BRIEF
Give back exactly the lines of the data below, starting with the line that has "[아시아경제 김현민 기자]" and going on through the line that has "أصدر وزير الدولة،".

PROVIDED MATERIAL
-*-*-
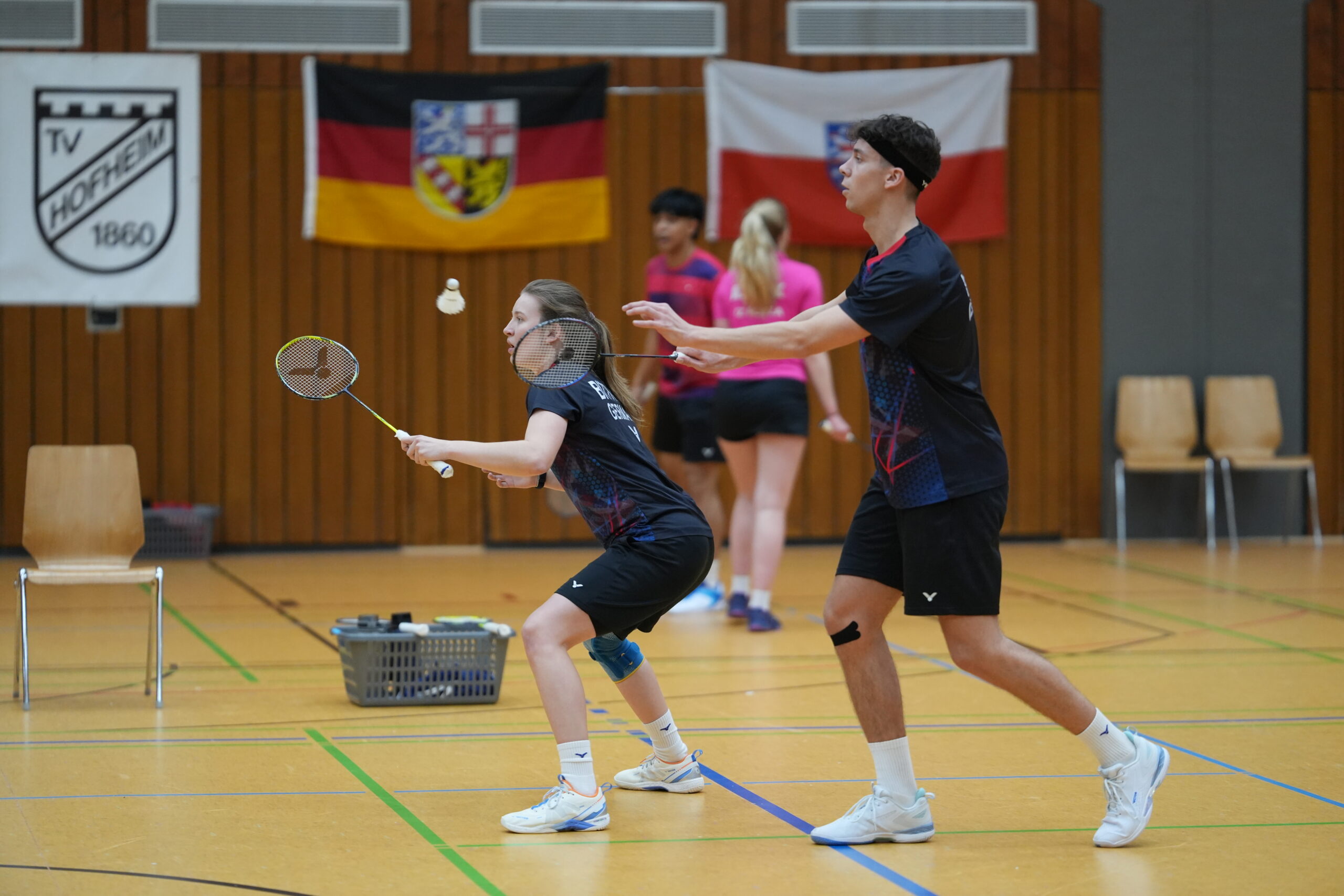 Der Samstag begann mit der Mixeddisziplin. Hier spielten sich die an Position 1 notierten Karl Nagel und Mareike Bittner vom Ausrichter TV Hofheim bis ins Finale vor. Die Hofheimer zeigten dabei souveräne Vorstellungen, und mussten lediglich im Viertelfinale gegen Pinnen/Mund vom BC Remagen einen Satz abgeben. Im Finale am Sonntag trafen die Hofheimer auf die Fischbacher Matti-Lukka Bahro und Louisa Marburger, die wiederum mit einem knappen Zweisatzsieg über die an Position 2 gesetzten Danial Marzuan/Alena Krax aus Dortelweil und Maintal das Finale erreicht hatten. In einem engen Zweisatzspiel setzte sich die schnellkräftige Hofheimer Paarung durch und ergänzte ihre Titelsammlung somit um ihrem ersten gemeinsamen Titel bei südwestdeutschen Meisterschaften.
-*-*-
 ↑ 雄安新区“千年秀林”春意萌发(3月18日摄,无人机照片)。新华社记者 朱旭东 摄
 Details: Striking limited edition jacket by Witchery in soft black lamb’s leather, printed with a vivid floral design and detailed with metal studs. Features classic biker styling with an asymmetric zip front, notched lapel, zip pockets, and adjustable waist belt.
-*-*-
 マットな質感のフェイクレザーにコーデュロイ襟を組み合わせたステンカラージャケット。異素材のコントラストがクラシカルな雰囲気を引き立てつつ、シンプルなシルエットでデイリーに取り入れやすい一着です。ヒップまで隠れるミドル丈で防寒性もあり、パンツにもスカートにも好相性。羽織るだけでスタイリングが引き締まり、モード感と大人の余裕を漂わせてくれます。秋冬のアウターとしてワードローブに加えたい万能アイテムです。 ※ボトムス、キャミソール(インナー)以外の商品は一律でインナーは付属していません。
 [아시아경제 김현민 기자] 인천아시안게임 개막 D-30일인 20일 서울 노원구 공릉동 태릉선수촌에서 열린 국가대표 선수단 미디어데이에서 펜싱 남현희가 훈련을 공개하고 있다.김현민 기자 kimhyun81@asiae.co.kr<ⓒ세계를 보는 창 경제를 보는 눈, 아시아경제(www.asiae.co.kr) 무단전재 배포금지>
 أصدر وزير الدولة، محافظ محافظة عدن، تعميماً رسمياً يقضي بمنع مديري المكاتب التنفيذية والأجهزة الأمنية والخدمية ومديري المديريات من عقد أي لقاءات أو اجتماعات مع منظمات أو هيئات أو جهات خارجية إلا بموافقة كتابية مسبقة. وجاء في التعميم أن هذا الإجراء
-*-*-
RESULT FOR THIS EXERCISE
 [아시아경제 김현민 기자] 인천아시안게임 개막 D-30일인 20일 서울 노원구 공릉동 태릉선수촌에서 열린 국가대표 선수단 미디어데이에서 펜싱 남현희가 훈련을 공개하고 있다.김현민 기자 kimhyun81@asiae.co.kr<ⓒ세계를 보는 창 경제를 보는 눈, 아시아경제(www.asiae.co.kr) 무단전재 배포금지>
 أصدر وزير الدولة، محافظ محافظة عدن، تعميماً رسمياً يقضي بمنع مديري المكاتب التنفيذية والأجهزة الأمنية والخدمية ومديري المديريات من عقد أي لقاءات أو اجتماعات مع منظمات أو هيئات أو جهات خارجية إلا بموافقة كتابية مسبقة. وجاء في التعميم أن هذا الإجراء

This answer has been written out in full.